*** Opening Dataset extract ***

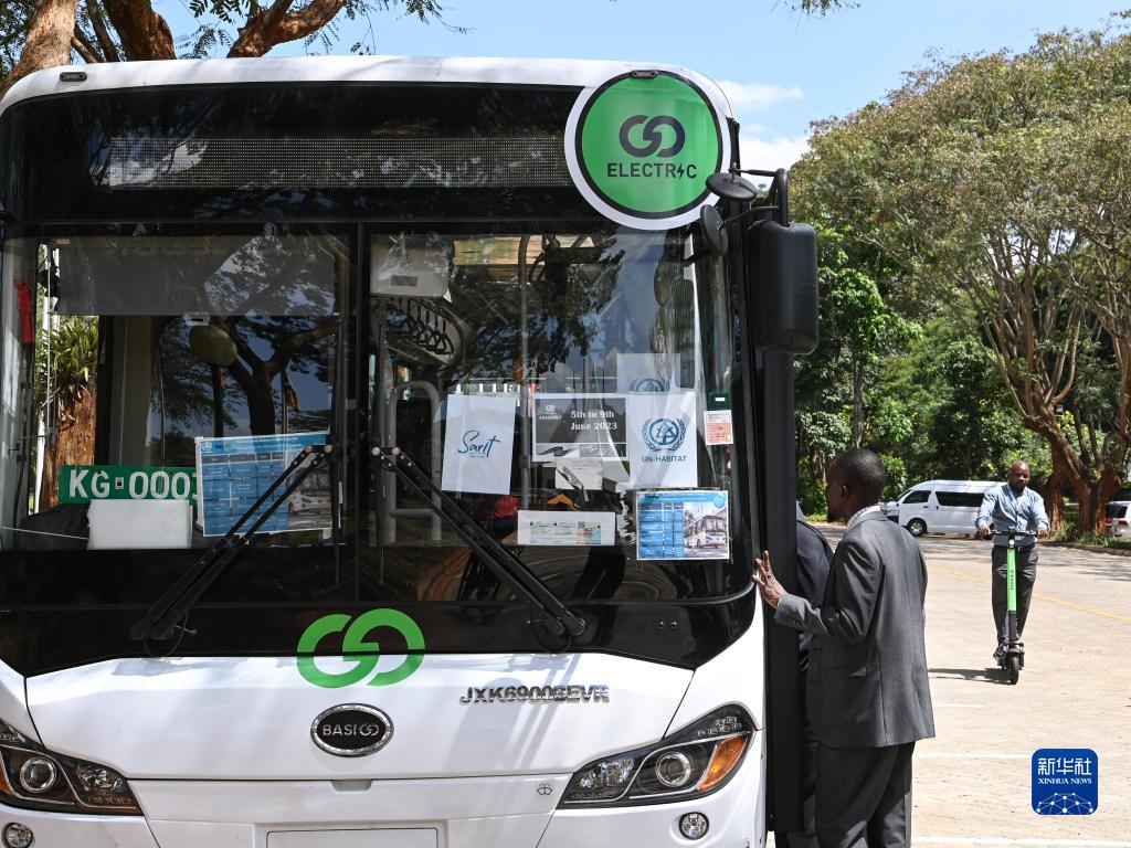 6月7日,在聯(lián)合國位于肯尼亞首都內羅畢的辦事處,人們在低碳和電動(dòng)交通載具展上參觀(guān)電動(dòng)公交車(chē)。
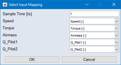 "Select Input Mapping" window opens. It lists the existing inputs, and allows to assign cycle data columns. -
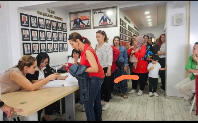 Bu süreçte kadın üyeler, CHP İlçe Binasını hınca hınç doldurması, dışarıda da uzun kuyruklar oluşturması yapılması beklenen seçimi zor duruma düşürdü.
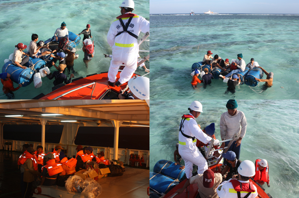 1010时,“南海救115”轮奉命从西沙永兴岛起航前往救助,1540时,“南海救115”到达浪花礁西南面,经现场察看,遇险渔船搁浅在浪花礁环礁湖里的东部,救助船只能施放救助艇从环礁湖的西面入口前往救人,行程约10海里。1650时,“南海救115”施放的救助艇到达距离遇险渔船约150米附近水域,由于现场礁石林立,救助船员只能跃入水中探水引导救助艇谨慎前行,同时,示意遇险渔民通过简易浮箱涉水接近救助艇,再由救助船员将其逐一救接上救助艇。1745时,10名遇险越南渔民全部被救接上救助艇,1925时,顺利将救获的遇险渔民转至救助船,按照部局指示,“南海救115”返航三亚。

*** Closing Dataset extract ***

**Exercise prompt**
Copy nothing but the lines from the top of the material through the line holding "Bu süreçte kadın", exactly as written; omit pictures.

**Answer to this exercise**
 6月7日,在聯(lián)合國位于肯尼亞首都內羅畢的辦事處,人們在低碳和電動(dòng)交通載具展上參觀(guān)電動(dòng)公交車(chē)。
 "Select Input Mapping" window opens. It lists the existing inputs, and allows to assign cycle data columns. -
 Bu süreçte kadın üyeler, CHP İlçe Binasını hınca hınç doldurması, dışarıda da uzun kuyruklar oluşturması yapılması beklenen seçimi zor duruma düşürdü.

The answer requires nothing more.